Home | About | Sematext search-lucene.com search-hadoop.com
 Search Hadoop and all its subprojects:

Switch to Threaded View
HBase >> mail # user >> median aggregate Was: AggregateProtocol Help

Copy link to this message
Re: median aggregate Was: AggregateProtocol Help
Two pass algorithm is fine. See HBASE-5139.

But we have to consider that there might be change in the underlying data across the two passes.

Feel free to log subtasks for hbase-5123 for each aggregate that you think should be supported.

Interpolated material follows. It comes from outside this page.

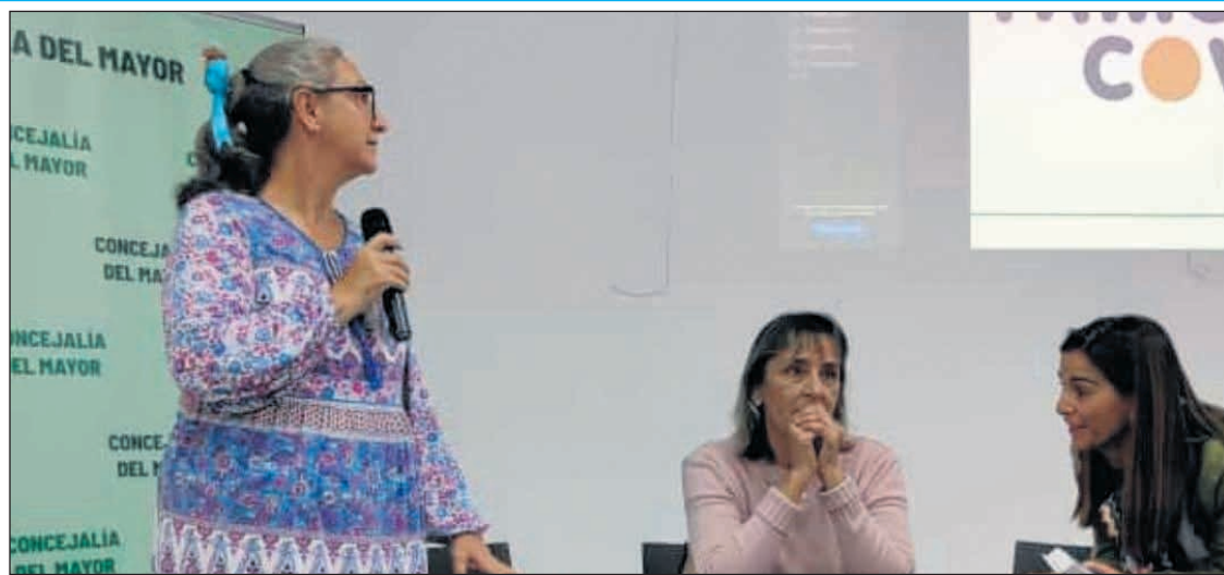
Jornada informativa organizada por la concejalía del Mayor

de los derechos que asisten a estas familias. Esta iniciativa forma parte del compromiso del Ayuntamiento por impulsar la información, la inclusión y el bienestar social de todos los vecinos y vecinas del municipio.

On Jan 7, 2012, at 3:32 AM, Tom Wilcox <[EMAIL PROTECTED]> wrote:

> Forgive me if this is stating the obvious (I just want to understand this better), but a naive approach to hist would surely just be a 2-pass algorithm where the first pass gathers statistics such as the range. Those statistics could be cached for subsequent requests that are also "range-dependent" such as n-tiles.
> Are 2-pass algorithms out of the question or too inefficient to consider?
> Cheers,
> Tom
> ________________________________________
> From: Royston Sellman [[EMAIL PROTECTED]]
> Sent: 06 January 2012 22:00
> Subject: Re: median aggregate Was: AggregateProtocol Help
> I will have to think about this properly next week as I am travelling this weekend but...
> I was using binning only as an example. I have worked with R in the past and there is a neat R function called hist which generates histograms from arrays of values and the number of "breaks" (=bins) is a parameter to hist. The generated histogram is an object so you can examine it: hist()?counts returns a vector containing the frequencies in each bin ("?" in R is like "." in Java). The discussion is here: http://www.stat.ucl.ac.be/ISdidactique/Rhelp/library/base/html/hist.html
> I am not trying to turn HBase into R ;) but binning is in my experience a useful aggregation. I have no idea how to efficiently implement it across the regionservers though. I think it is *me* who needs to brush up my knowledge of HBase internal machinery. But I think it will be a similar problem to crack for quantile/ntile. The start of the boundaries will be the ntiles. Maybe if ntile is done first then it will help with binning, maybe even make it trivial.
> HBASE-5139 looks good, thanks. I will get colleagues to look at it and comment.
> Cheers,
> Royston
> On 6 Jan 2012, at 19:29, Ted Yu wrote:
>> Royston:
>> I need to brush up my math knowledge so bear with me for a few questions.
>> For binning, you gave 100 as the number of bins. If the computation is
>> initiated on each region server simultaneously, how would each region know
>> where the bin boundaries are ? If the boundaries are naturally aligned with
>> region boundaries, that would be easier.
>> I logged HBASE-5139 for weighted median, please comment there.
>> If you or other people feel there is plausible implementation for any new
>> aggregate, please create subtask so that the original JIRA can host general
>> discussions.
>> Cheers
>> On Fri, Jan 6, 2012 at 6:22 AM, Royston Sellman <
>> [EMAIL PROTECTED]> wrote:
>>> Hi Ted,
>>> Yes, that is the use case I am thinking of.
>>> Re: 5123 I have also had some time to think about other aggregation
>>> functions (Please be aware that I am new to HBase, Coprocessors, and the
>>> Aggregation Protocol and I have little knowledge of distributed numerical
>>> algorithms!). It seems to me the pattern in AP is to return a SINGLE value
>>> from a SINGLE column (CF:CQ) of a table. In future one might wish to extend
>>> AP to return MULTIPLE values from MULTIPLE columns, so it is good to keep
>>> this in mind for the SINGLE value/SINGLE column (SVSC) case.
>>> So, common SVSC aggregation functions (AP supported first):
>>> min
>>> max
>>> sum
>>> count
>>> avg (arithmetic mean)
>>> std
>>> median
>>> mode
>>> quantile/ntile
>>> mult/product
>>> for column values of all numeric types, returning values of that type.
>>> Some thoughts on the future possibilities:
>>> An example of a future SINGLE value MULTIPLE column use case could be
>>> weighted versions of the above functions i.e. a column of weights applied
>>> to the column of values then the new aggregation derived.